Polarizing ‘End-of-Life’ Bill Returns in Legislature
Montgomery senator finds more support for his proposal
Will Smith, left, and Shane Pendergrass
For the fourth time since 2015, a bill that would make it legal for Maryland residents with terminal illnesses to end their life with medication is drawing fresh debate in the state legislature.
The “End-of-Life Option Act,” sponsored by Montgomery County Democratic Sen. Will Smith and Howard County Democratic Del. Shane Pendergrass, would allow patients with six months or less to live to request a physician’s aid in bringing about their own death through self-medication.
The bill is scheduled for a hearing in the House Health and Government Operations Committee Friday.
Pendergrass introduced end-of-life legislation during the 2015, 2016 and 2017 sessions, but each time the bill was withdrawn after no vote was taken. Other unsuccessful attempts were made in the late 1990s. Under a centuries-old law, suicide is illegal in Maryland.
According to a 2018 Gallup poll, 72 percent of Americans approve of euthanasia for terminally ill patients if the patient makes a request to a doctor. That number has nearly doubled from 1947, when 37 percent of Americans approved of the practice.
“In Maryland it polls at 65 percent,” Smith said.
Six states and the District of Columbia have laws that permit physician-assisted death.
Smith said he believes the bill has a better chance of passing this year because of a large coalition of supporters. Fifty delegates have signed on as co-sponsors in the House and 19 in the Senate.
“That’s a top priority of mine, and I think we have a really good chance of getting it passed,” said Smith, who represents the Silver Spring area.
The bill would require dying patients to ask for life-ending medication themselves, and two witnesses would need to verify in writing that the patient was “of a sound mind” and was acting voluntarily. Only one of the witnesses could be a relative, and a neither witness could be the patient’s physician.

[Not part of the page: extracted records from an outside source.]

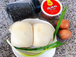 准备原材料、、香葱、和烧烤料备用
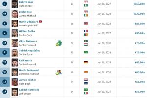 阿森纳队内身价排名:约克雷斯7500万空降第五,萨卡、赖斯破亿
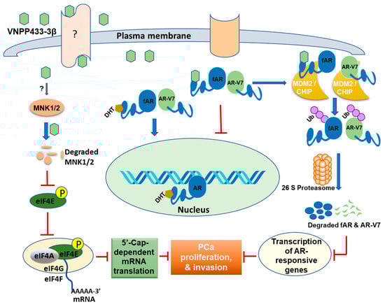 Graphical representation of the mechanism of action of VNPP433-3β in PCa inhibition. VNPP433-3β binds the AR, prevents its translocation into the nucleus, and redirects it to ubiquitination by MDM2/CHIP and subsequent degradation by 26 S proteasome thereby affecting transcription of AR-responsive tumor genes and affecting PCa inhibition. Additionally, VNPP433-3β impedes phosphorylation of eIF4E by depleting MNK1/2 that in turn limits 5′-cap-dependent translation and blocks PCa progression.
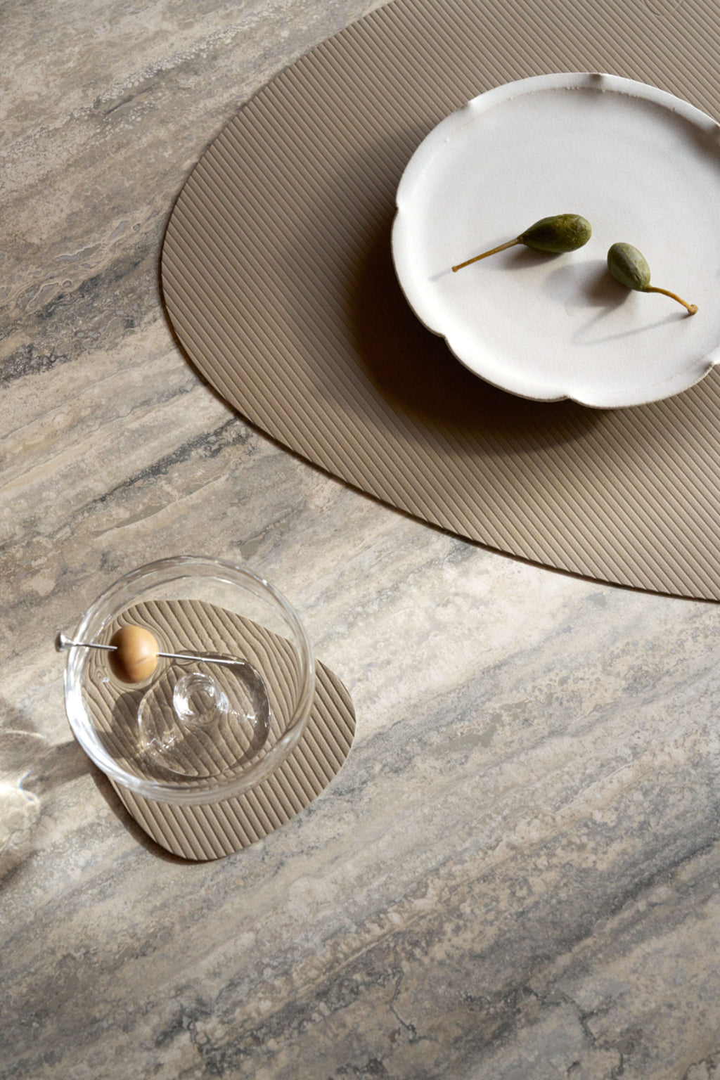 LIND DNA Corduroy-mallisto tuo pöytäkattaukseen uudenlaisen kierrätysnahkatekstuurin, joka on saanut inspiraationsa ajattomasta vakosametista. Sen käsin kohokuvioidut vaakasuuntaiset linjat luovat syvyyttä ja tyylikkyyttä, kun taas pehmeä ja sileä pinta tuo ylellisyyttä sekä arki- että juhlakattauksiin.
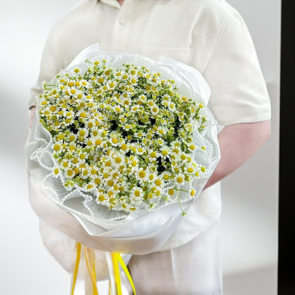 Bright, cheerful, and effortlessly elegant — our Chamomile Bliss Bouquet is a perfect blend of simplicity and charm. Featuring a lush arrangement of fresh chamomile flowers, wrapped in delicate white paper and finished with soft yellow Ribbons, this bouquet radiates positivity and warmth. Ideal for birthdays, thank-you gifts, or simply to brighten someone’s day, it captures the beauty of nature in its purest form.
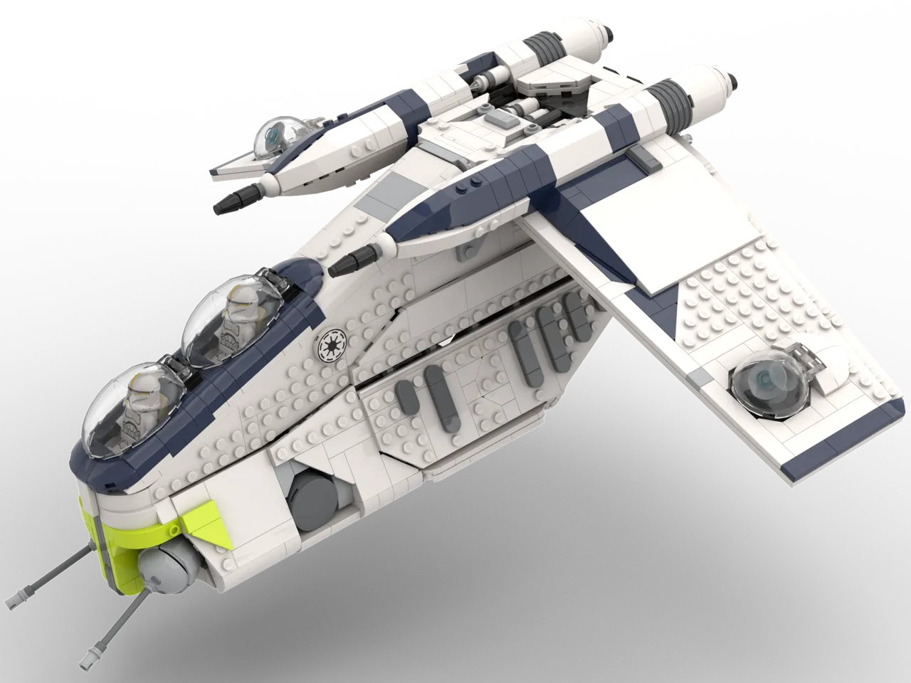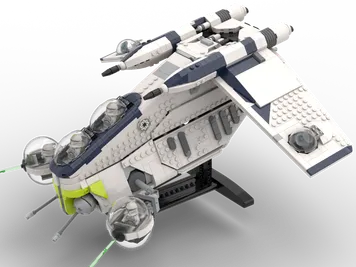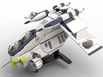In the scale of the 2023 gunship with inspiration from the official LEGO UCS Republic Gunship model and Star Wars ILM movie prop and Clone Wars animated series references. Fully remade from the ground up as of March 23rd, 2026 in a much more eye catching and accurate portrayal of the original source material from Lucasfilm. Custom building instructions, Stud.io design file and parts list files included with purchase.
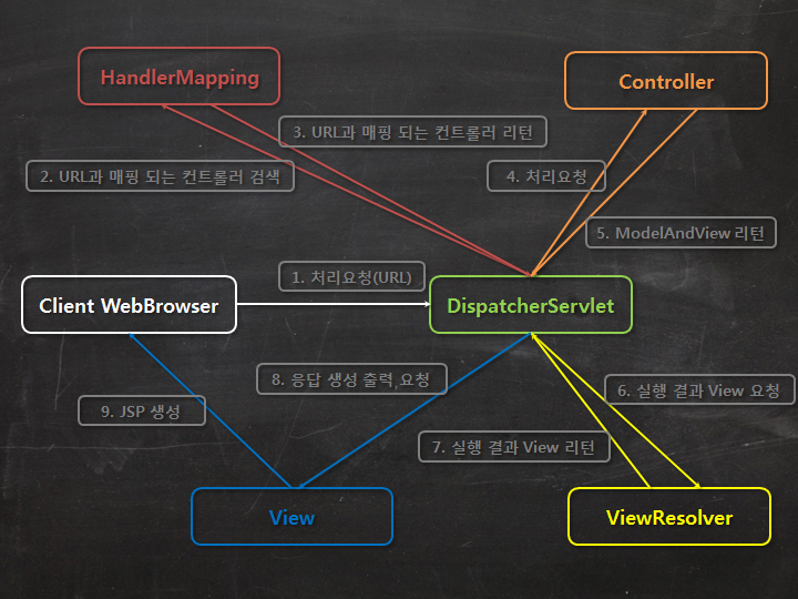 클라이언트에게 요청(url)이 들어오면, DispatcherServlet은 요청을 가로채어, HandlerMapping에게 URL과 매핑되는 컨트롤러를 받아옵니다. 그리고 Controller는 해당 URL이 해야 할 기능을 수행하여 결과를 리턴합니다.
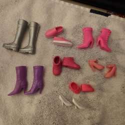 Ett set med Barbie skor i olika färger och modeller.
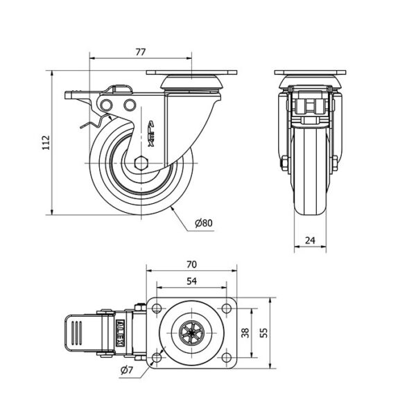 Rueda goma giratoria con freno Alex diametro 80 mm. modelo 1-0386
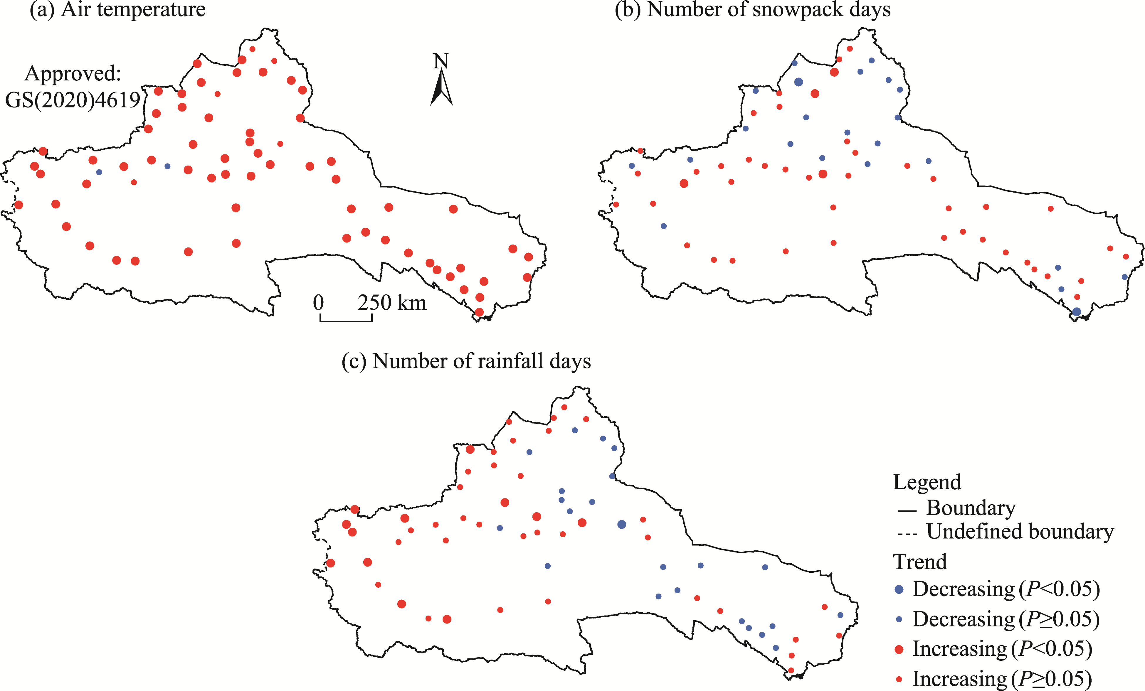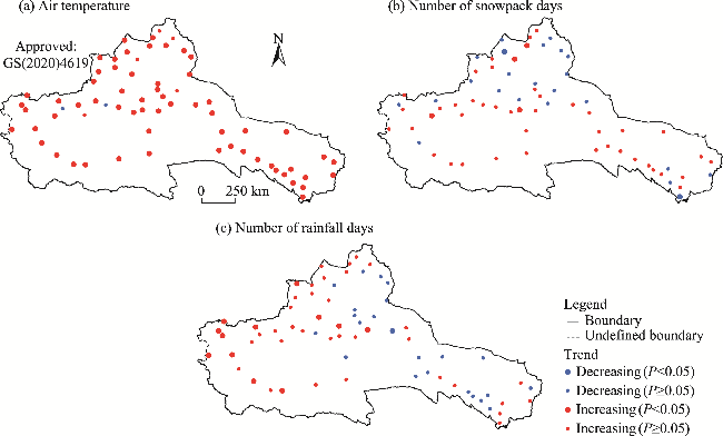 Fig. 6 Trends in air temperature (a), number of snowpack days (b), and number of rainfall days (c) at 68 meteorological stations in the ARNC during 1978-2015. Note that the figures are based on the standard map (GS(2020)4619) of the Map Service System (https://bzdt.ch.mnr.gov.cn/), and the standard map has not been modified. |
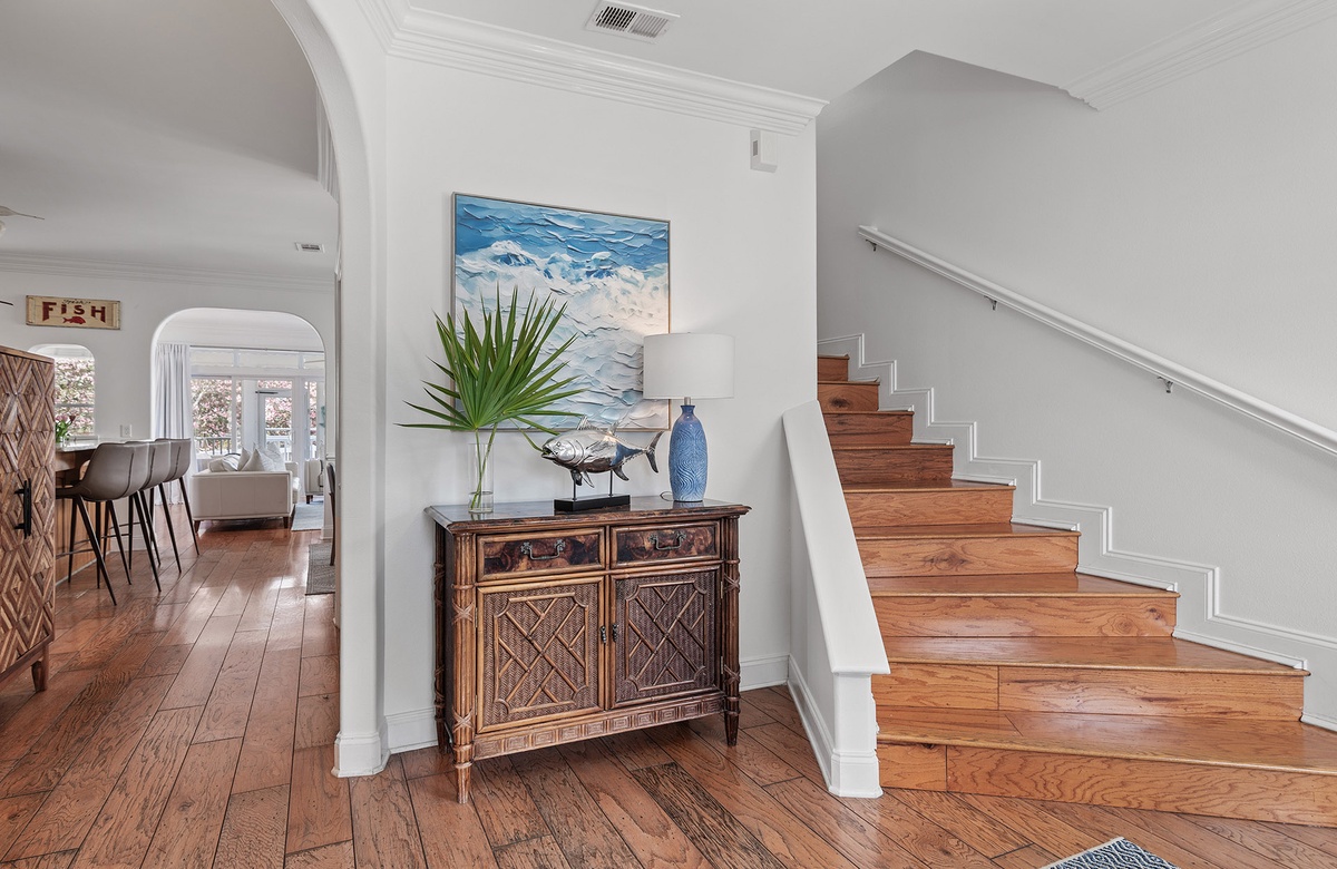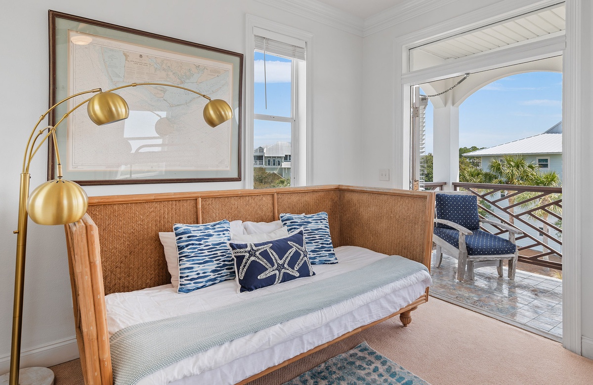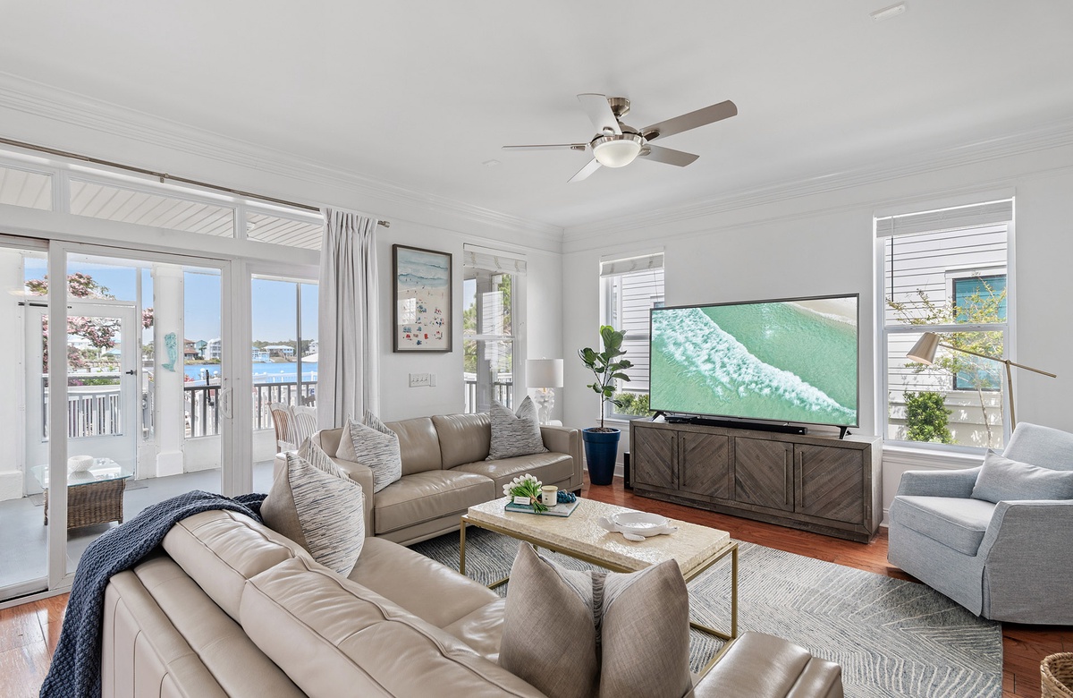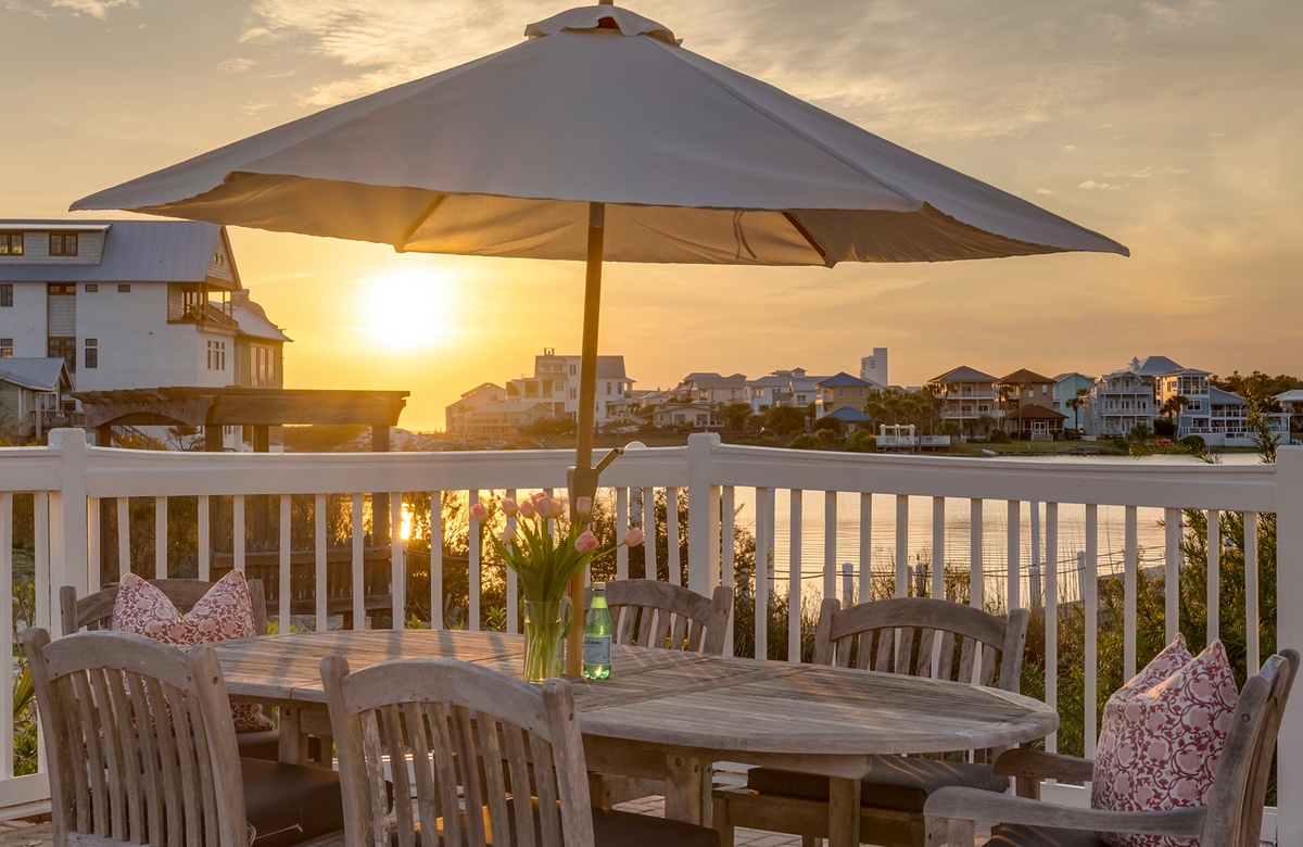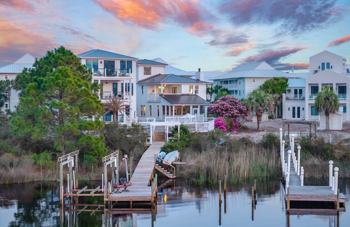 ‘A Villa Lago’ is perfectly located directly on Eastern Lake with a semi-private dock and only a short walk to the sugar white sands of the beach. This vacation dream home features a double living room, gourmet kitchen, sunny dining area, AND beautiful lake and gulf views. A Villa Lago has 5 bedrooms and 4 bathrooms and comfortably sleeps 12. The bonus tower room is perfect for the kids with a TV, mini fridge and private deck!

The patient would also need to show proof of residency using a tax return, driver’s license, voter registration card or leasing document. A physician could also verify that a patient was a resident by attesting to their personal medical history.
Michael Strauss, a retired general internist who lives in Rockville, started the advocacy group Marylanders for End-Of-Life-Options in late 2017 to help push for the bill.
Strauss said he was inspired to become involved with end-of-life legislation after taking care of many patients who were in pain during the final stages of their lives. Strauss also was inspired by his mother, who died from lymphoma four years ago at age 90.
“I told her I’d work on this,” he said.
Strauss said hospice and palliative care are generally good options for patients in their final days, but there are exceptions.
“They can treat the pain and some of the other concerns. But in a small minority of cases, there are patients who have some pain that doesn’t respond, or they don’t like to take their pain medications and they no longer feel they are no longer in control of their lives,” he said.
Strauss said the most commonly prescribed life-ending drug is the sleep-inducting drug Seconal. The doctor administers the drug, he said, by having the patient ingest 100 capsules’ worth of the drug dissolved in liquid. Within 15 minutes, he said, the patient becomes unconscious, and they die within 45 minutes.
Strauss said there are two other groups his organization is working with in Annapolis to advocate for the bill.
The Maryland State Medical Society, or MedChi, adopted a neutral position on the end-of-life bill two years ago, said Strauss, who is a member.
MedChi, he said, had opposed the practice until then because of the American Medical Association’s stance against end-of-life laws during the 1990s.
The bill is likely to encounter strong opposition from the Maryland Catholic Conference’s Annapolis lobby, which represents the Archdiocese of Washington.
The church has opposed the end-of-life bill since it was first proposed in 2015, said Associate Director Therese Hessler.
The bill, she noted, puts several vulnerable populations at risk including veterans, people with disabilities and patients in recovery from drug addiction.
“You can only imagine what can go wrong when a patient is prescribed 100 barbiturates,” she said.
Hessler said the end-of-life issue is fairly new, having surfaced in 1997 when Oregon enacted its bill.
But she hopes Marylanders see the risk in prescribing life-ending medication in the wake of an opioid crisis that took more than 1,600 lives through the first three quarters of 2018, up from 1,502 in all of 2017,according to the Maryland Department of Health.
“More people are understanding some of the real dangers of the legislation,” she said.
Hessler said she didn’t believe the bill could be altered in any way that would change the church’s position, and that the church would always support hospice and palliative care over any life-ending medication prescribed by a doctor.
Strauss said one-third of the patients who are prescribed the drug end up not taking it due to the costs, which can range from $400 to more than $1,000.
Strauss said there has never been a case of abuse of the drug that he knows of, and in only a few instances a patient did not die. He added that physicians, based on their professional experience, are capable of determining whether a patient is acting voluntarily.
“If you talk to physicians who consult in the legal arena, they know that this means the patient understands his or her physical and mental condition,” he said.
Strauss, however, said he respects those who disagree with the bill.
“This is a tough issue, and I respect every member of the legislature who has to wrestle with this,” he said.